In south Africa the low, or rather the moderate plateau, which borders the district of the Bechuanas on the north, rises, as it advances toward the lower rim of Africa, at Cape Colony, to an altitude of 3000 feet.

America has many plateaus of the second range of elevation, but her highlands of the first class are so imposing in extent, as well as in elevation, that they have been more carefully observed than the table-lands of the second class.

Along the eastern slope of the Andes, on the same parallel with the great plains of the Orinoco, the Amazon, and the La Plata, these plateaus extend, touching the base of the mountains, and appearing rather as terraces, or vast plains of transition, from the highlands to the lowlands, than as independent forms. Where Alexander von Humboldt measured them, west of the low plains of the Amazon, he found their height, measured from the sea, to range from 1050 to 1200 feet; he describes them as having the appearance of vast plains, and as differing from the lowlands of the Amazon only in their greater elevation; their slope toward the narrowing of the Pongo de Mauseriche being too slight to be appreciable.

Between the threefold forks of the Northern Andes, Humboldt ascertained the heights of ten plateaus, extending as far as the plains of Orinoco, and called by the various names, according to their elevation—Tierras templadas, or temperate districts, Tierras calientas, or warm districts, and Tierras frias, or cold districts—varying in height from 1800 to 6600 feet, the highest belonging clearly to the first class of plateaus.

The mountains of Brazil are interspersed among plateaus of the second class. The Brazilian mountains are not true ranges, but lie in groups, their height varying from 2700 to 5700 feet, and between them are the vast elevated plains, called Campas, which are true plateaus of the second class.

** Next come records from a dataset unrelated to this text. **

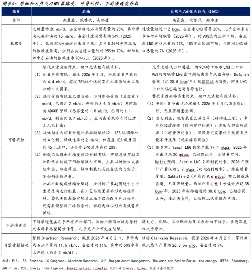 本轮冲击中,能源体系之所以成为最核心的风险源,在于其同时具备"高暴露、低替代、高渗透"三重特征的叠加。
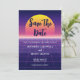 Este casamento retrô dos anos 80 Salve a data mostra a arte legal, roxa de ondas sintetizadas e um pôr do sol acima das linhas de neon. Esse cartão de "800" incrível é ousado e divertido, certo? Pegar o olho de alguém e avisá-los que você está jogando uma festa de casamento de "rockin'".
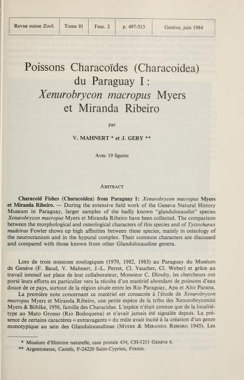 Published in Revue Suisse De Zoologie, in 1984, in volume 91, pages 497-513
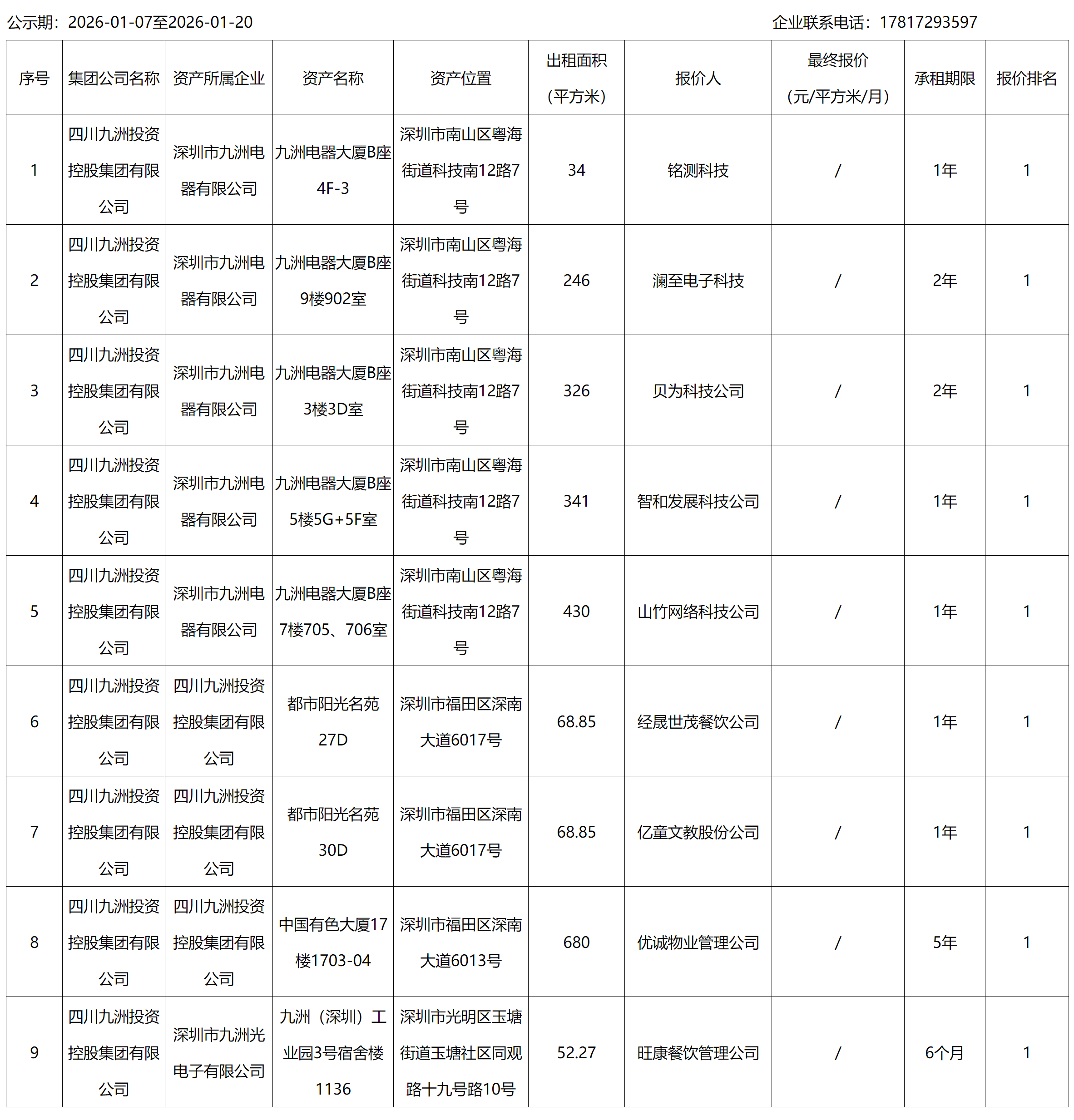 深圳市九洲光电子有限公司九洲电器大厦、都市阳光名苑、中国有色大厦、九洲工业园房屋出租结果公示
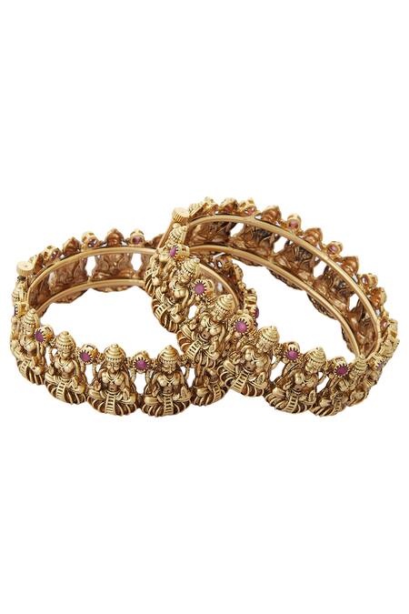 Antique gold-plated bangles & goddess carved bangles embellished with pink stones.
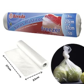 Mantenha seus alimentos frescos e organizados com nossos sacos plásticos para freezer e geladeira. Ideais para conservação de alimentos, estes sacos transparentes oferecem praticidade e durabilidade para o seu dia a dia na cozinha.
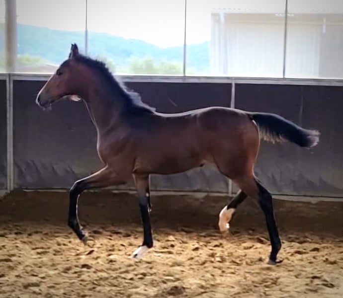 Tolle Möglichkeit aus privater kleinen liebevollen Züchterhand. Wir bieten hier eine 3 jährige braune Stute aus 2023 an, die derzeit noch in der Entwicklung steht. Altersentsprechend roh. Derzeit hat sie ein Stockmaß von ca. 1,70m und besticht durch sehr gute Grundgangarten und aktiver Hinterhand. Unerschrocken wird Sie derzeit an alles gewöhnt, wie z.B. Trense, Longe Gamaschen, das kleine 1x1, und zeigt sich dabei stets lernbereit und umgänglich. Ideal für einen Reiter, der sich ein junges Pferd nach eigenen Vorstellungen ausbilden möchte. Abstammung Fünf Sterne Royal x Don Index Aktueller TÜV ohne Befund vorhanden Bei ernsthaften Interesse stehe ich Ihnen gerne telefonisch unter 016096034263 für weitere Informationen und eine Besichtigung zur Verfügung.
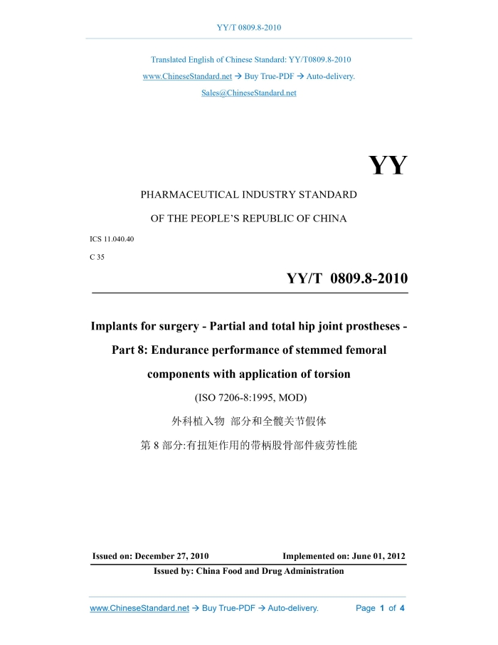 YY/T 0809.8-2010: Implants for surgery. Partial and total hip joint prostheses. Part 8: Endurance performance of stemmed femoral components with application of torsion Delivery: 9 seconds. True-PDF full-copy in English & invoice will be downloaded + auto-delivered via email. See step-by-step procedure Status: Obsolete
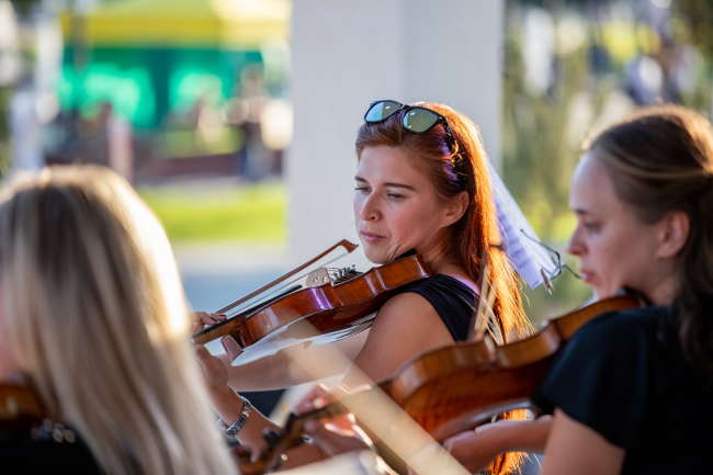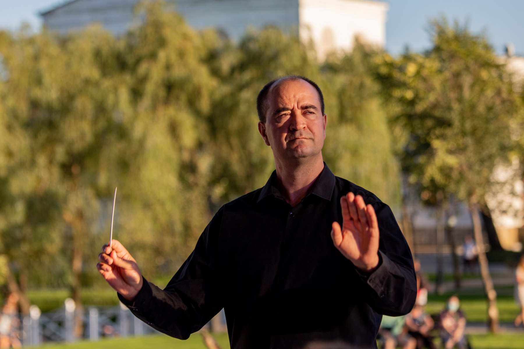«Мы очень рады, что именно мы открываем череду мероприятий, которые будут проходить в Екатерининском парке всю осень, пока будет тепло», - отметил дирижёр камерного оркестра Иван Шокодей.
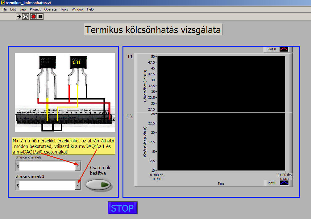 A tanulók sok iskolában elvégzik -vagy a tanár által bemutatva megnézik - azt a kísérletet, hogy egy tál hideg vízbe egy pohár meleg vizet tesznek, és adott időnként megnézik a vizek hőmérsékleteit. Addig figyelik, amíg az egyensúly be nem áll. Ennek a kísérletnek egy számítógéppel segített változata látható itt.
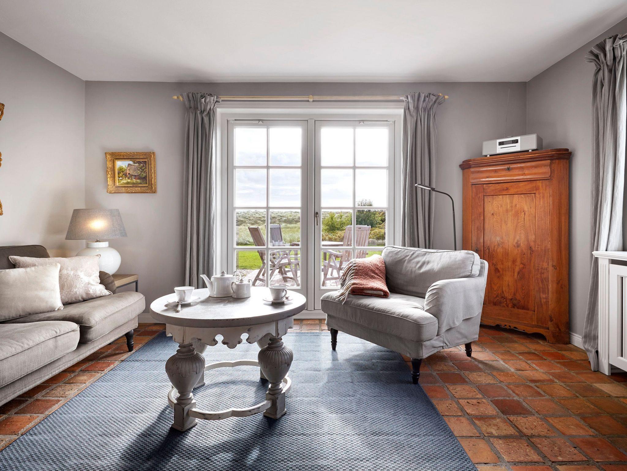 Die Terrassen liegen direkt hinter der Düne und sind gut voneinander getrennt. Im Strandkorb können Sie schon die ersten Sonnenstrahlen im Frühling genießen. Vom Haus haben Sie einen direkten Zugang zum Strand. Das Haus selber ist im Erd- und Untergeschoss mit schönen antiken Terrakottafliesen ausgelegt, in jeder Hälfte sorgt ein Mylin Kachelofen im Herbst und Winter für wohlige Wärme. Zu welcher Jahreszeit Sie auch immer hier Urlaub machen - die Erholung ist garantiert.
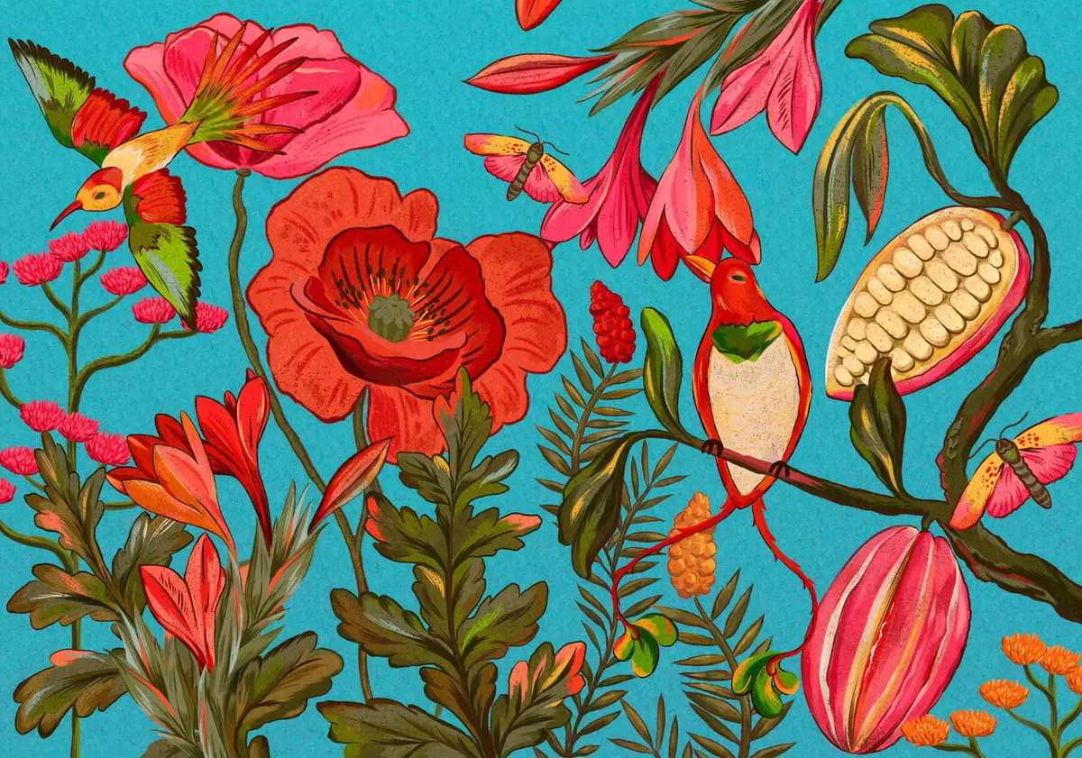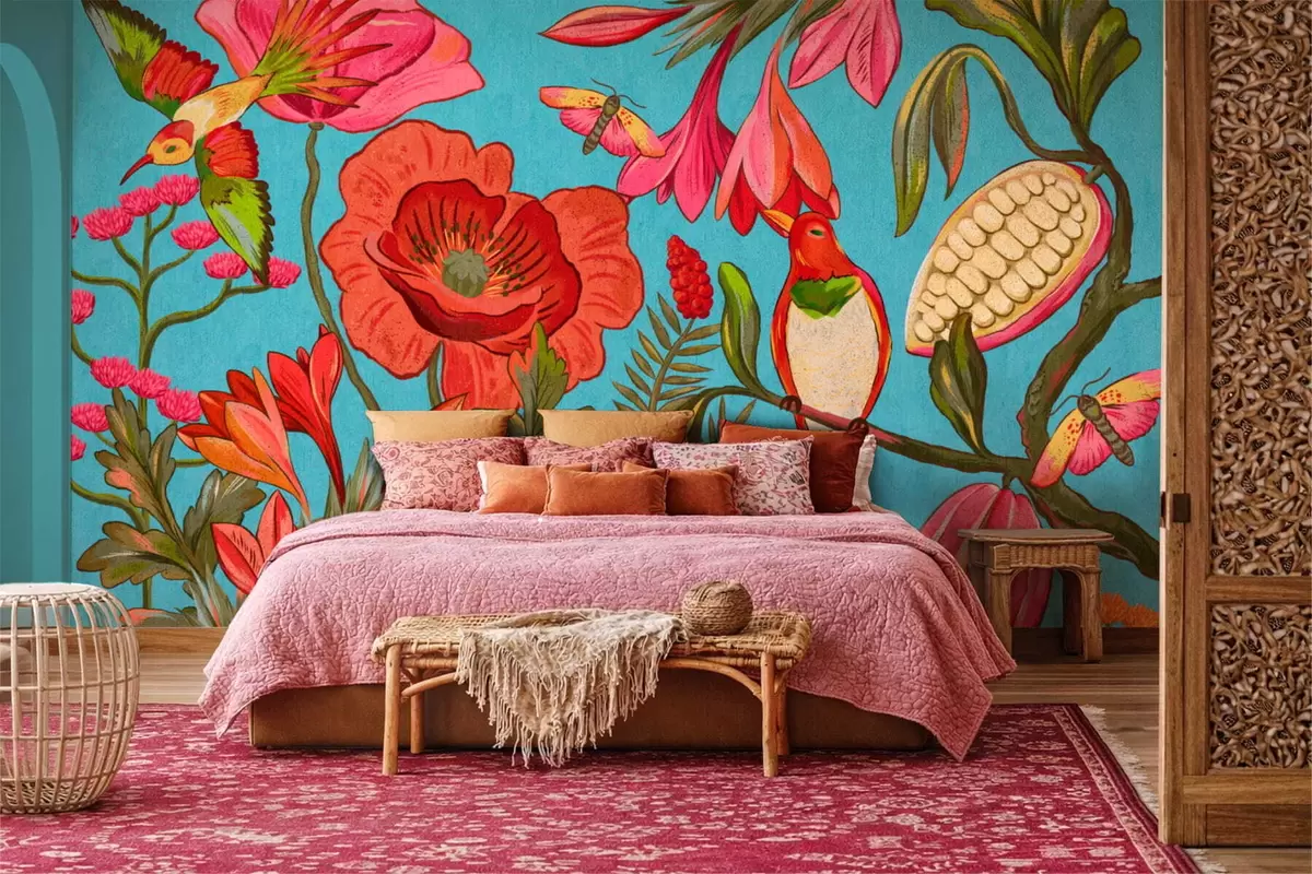 Fototapeta Ozdobne kwiaty i ptaki na niebieskim tle Nr w05036v3

The southern point of South America, south of the Rio Negro, as far as the Straits of Magellan, known as the plateau of Patagonia, is a true table-land of from 1200 to 1400 feet in height. It is composed of ragged strata of porphyry or of vast lava-masses, and has been explored by Captain Fitz Roy, in 1837, from the mouth of the Santa Cruz River to the snow-capped Andes in the west. The plateau diminishes gradually in elevation from west to east, till it touches the sea line.

In North America the broad plateau extending through Northern Texas and the Indian Territory, and lying on both sides of the Arkansas River, increases in elevation gradually from St. Louis, on the Mississippi, less than 500 feet above the sea, to Santa Fé, on the upper course of the Rio Bravo, 7000 feet above the sea. It ascends so slightly that the rise is imperceptible to the eye, the broad plains there taking the name of prairies. St. Louis is 420 feet in absolute elevation; the eastern Arkansas plateau 1500 to 3000 feet; the high western Arkansas table-land from 3000 to 7000 feet, where, at the point of greatest altitude, lies the City of Santa Fé, in the Territory of New Mexico, 7047 feet above the sea. This broad, sloping tract reaches out to a great extent at the north, crossing the Missouri, and embracing the colossal North American lakes. Lake Huron and Lake Michigan, about 578 feet deep, and Lake Superior, 627 feet deep, lie in vast hollows in that great continuous plateau, which extends into the British Possessions, rises again to 800 or 1000 feet in elevation, and is rocky and craggy, yet not enough so as to take the name of a mountain chain, but simply to form a clearly-marked water-shed, which Fremont and Nicollet have measured.

In Australia and Europe plateaus of the second grade of elevation are not wanting. In Australia, however, they are limited to the triangular district in the southeast, which has become the place of settlement for the chief English colonies, and which, bearing the name of King’s Table-land, rises to a height of 2500 feet, and occupies the largest area of all the Australian table-lands.

In Europe this physical feature is displayed most distinctly in the Spanish plateaus, which occupy by far the largest proportion of the entire peninsula. Madrid lies on one of these plateaus, at a height of 2100 feet, five times as high as Paris, on the Seine, and as high as Innspruck, in the very heart of the Tyrol; Toledo, in the valley of the Tagus, is 1734 feet above the sea. The average elevation of New Castile, the central part of Spain, is 2000 feet. Old Castile, which borders it on the north, separated from it by the Guadarrama ridge, is about a thousand feet higher. Burgos, in the center, is 2700 feet above the sea; Segovia, to the south, 3100 feet. The average elevation of Old Castile is 3000 feet.

Then comes in natural order the Bavarian plateau, in southern Germany, ranging from 1500 to 1600 feet high, a broad table-land, on which lie Munich and Augsburg. It extends along the course of the Danube from west to east, from Lower Switzerland to Ratisbon.